As mayor of Athens in 1987, Evert was the first to exercise the legal possibility of opposition radio broadcasting in Greece since all radio stations (including television networks) were a state monopoly. He helped launch Athena 98.4 FM, the first private radio station to begin broadcasting legally in Greece.

Personal life
He was married to photographer Lisa Vanderpool, daughter of American archaeologist Eugene Vanderpool, and they had two daughters.

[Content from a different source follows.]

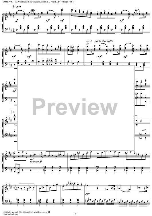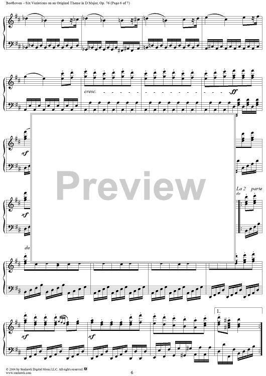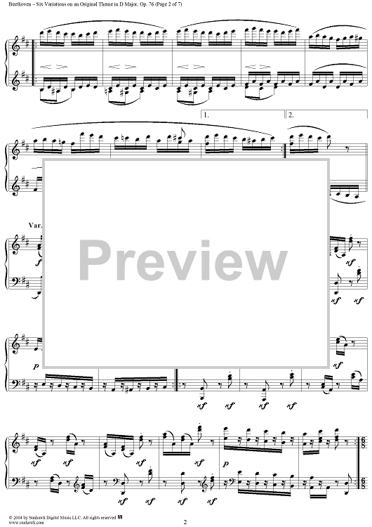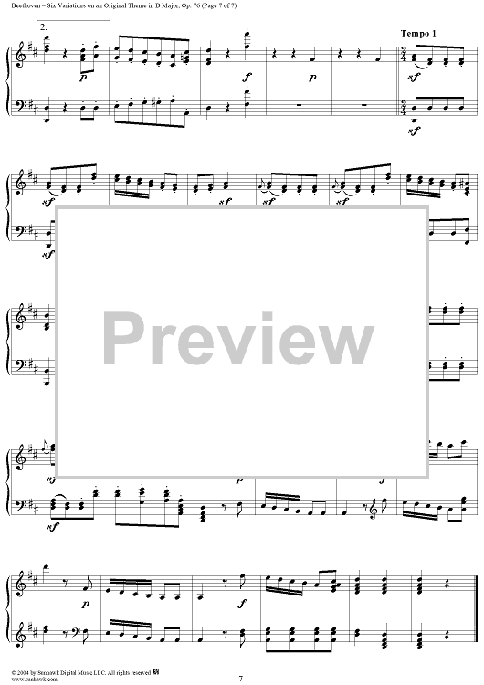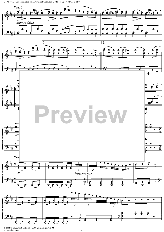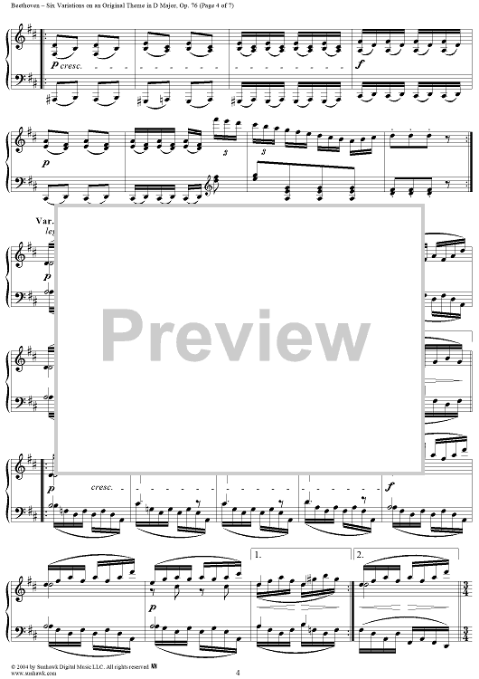 Digital Sheet Music for Six Variations on an Original Theme in D Major, Op. 76 by Ludwig van Beethoven scored for Piano Solo; id:241984
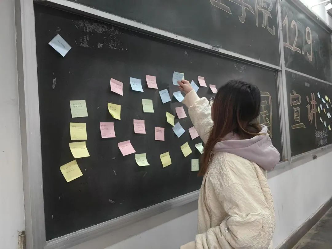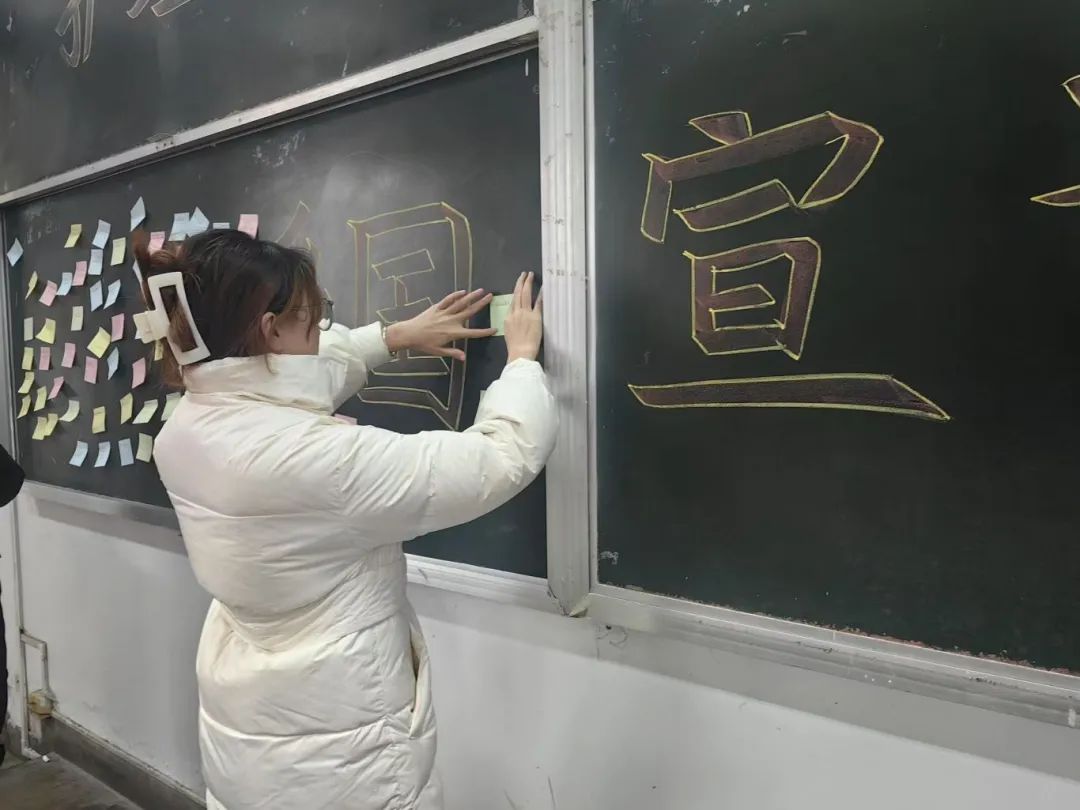 活动开始后,学生们在便签上写下自己对祖国的美好祝愿和期待,并张贴于心愿墙上,表达对祖国的热爱之情。同时,同学们纷纷表示,要将自己的爱国情感转化为实际行动,实现个人价值与社会责任相统一。

On 9 February 2011 Evert died in Athens at the age of 71.

References

External links
Biography on Greek Parliament website

 

1939 births
2011 deaths
Mayors of Athens
New Democracy (Greece) politicians
Greek MPs 1974–1977
Greek MPs 1977–1981
Greek MPs 1981–1985
Greek MPs 1985–1989
Greek MPs 1989 (June–November)
Greek MPs 1989–1990
Greek MPs 1990–1993
Greek MPs 1993–1996
Greek MPs 1996–2000
Greek MPs 2000–2004
Greek MPs 2004–2007
Greek MPs 2007–2009
Greek people of Bavarian descent
Politicians from Athens
Athens University of Economics and Business alumni
Finance ministers of Greece
Leaders of New Democracy (Greece)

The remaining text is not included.